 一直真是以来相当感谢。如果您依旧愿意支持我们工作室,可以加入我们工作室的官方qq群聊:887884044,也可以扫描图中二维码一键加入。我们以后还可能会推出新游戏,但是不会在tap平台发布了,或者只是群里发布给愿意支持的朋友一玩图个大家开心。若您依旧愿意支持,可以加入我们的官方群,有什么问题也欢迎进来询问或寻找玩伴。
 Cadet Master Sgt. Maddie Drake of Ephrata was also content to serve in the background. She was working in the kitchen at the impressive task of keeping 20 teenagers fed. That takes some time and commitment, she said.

---

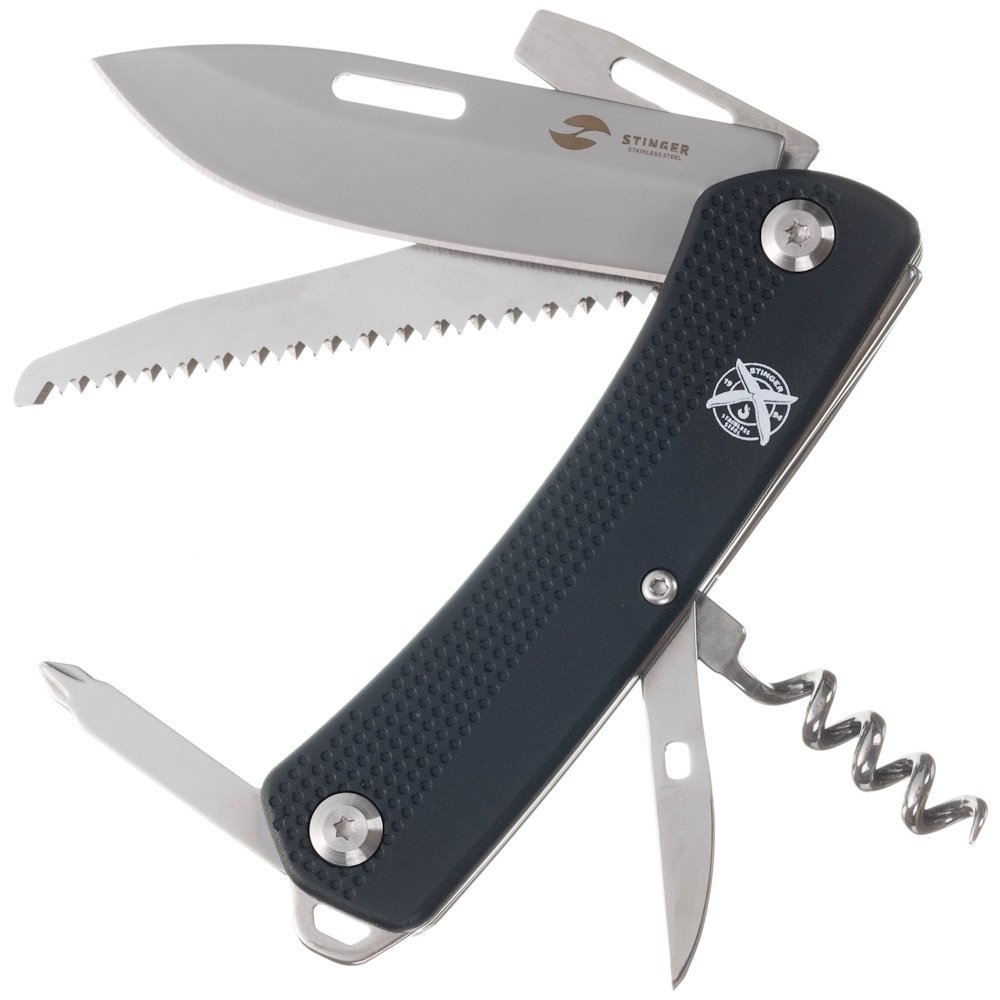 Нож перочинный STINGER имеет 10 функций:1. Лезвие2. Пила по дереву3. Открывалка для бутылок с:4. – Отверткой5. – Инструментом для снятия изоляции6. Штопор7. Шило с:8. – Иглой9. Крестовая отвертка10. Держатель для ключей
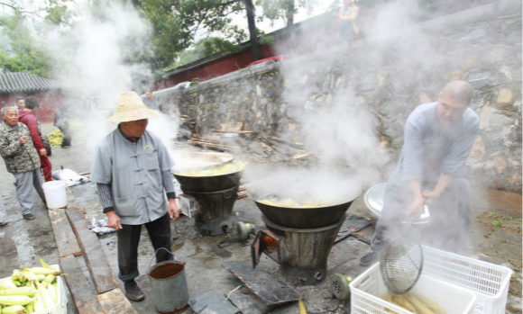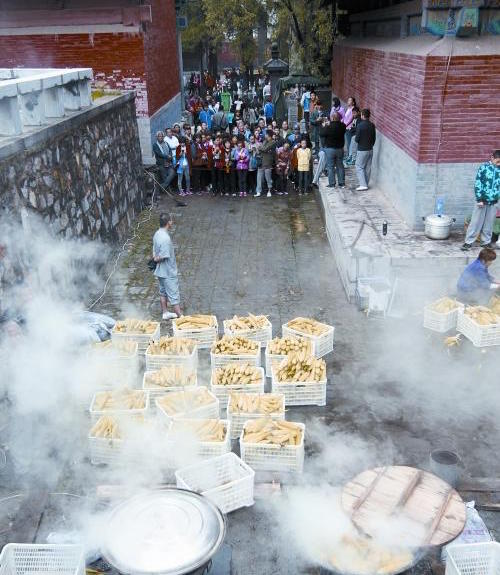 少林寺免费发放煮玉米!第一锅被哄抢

--

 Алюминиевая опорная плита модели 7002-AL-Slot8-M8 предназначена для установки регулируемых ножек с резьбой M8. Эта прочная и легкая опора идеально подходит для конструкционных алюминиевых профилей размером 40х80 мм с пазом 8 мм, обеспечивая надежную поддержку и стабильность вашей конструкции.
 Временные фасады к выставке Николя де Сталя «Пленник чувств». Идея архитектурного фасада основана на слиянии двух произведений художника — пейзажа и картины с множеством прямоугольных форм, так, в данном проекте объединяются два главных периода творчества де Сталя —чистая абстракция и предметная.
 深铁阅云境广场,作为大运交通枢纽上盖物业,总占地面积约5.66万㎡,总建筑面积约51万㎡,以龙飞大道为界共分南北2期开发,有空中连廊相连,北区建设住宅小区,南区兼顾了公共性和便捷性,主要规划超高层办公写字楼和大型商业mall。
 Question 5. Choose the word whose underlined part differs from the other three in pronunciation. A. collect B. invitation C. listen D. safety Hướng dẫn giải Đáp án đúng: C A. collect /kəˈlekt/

THE TASK:
Above are the records; from them, give again exactly the lines from the one containing "Временные фасады к" through the one containing "Question 5. Choose", both included.

RESULT:
 Временные фасады к выставке Николя де Сталя «Пленник чувств». Идея архитектурного фасада основана на слиянии двух произведений художника — пейзажа и картины с множеством прямоугольных форм, так, в данном проекте объединяются два главных периода творчества де Сталя —чистая абстракция и предметная.
 深铁阅云境广场,作为大运交通枢纽上盖物业,总占地面积约5.66万㎡,总建筑面积约51万㎡,以龙飞大道为界共分南北2期开发,有空中连廊相连,北区建设住宅小区,南区兼顾了公共性和便捷性,主要规划超高层办公写字楼和大型商业mall。
 Question 5. Choose the word whose underlined part differs from the other three in pronunciation. A. collect B. invitation C. listen D. safety Hướng dẫn giải Đáp án đúng: C A. collect /kəˈlekt/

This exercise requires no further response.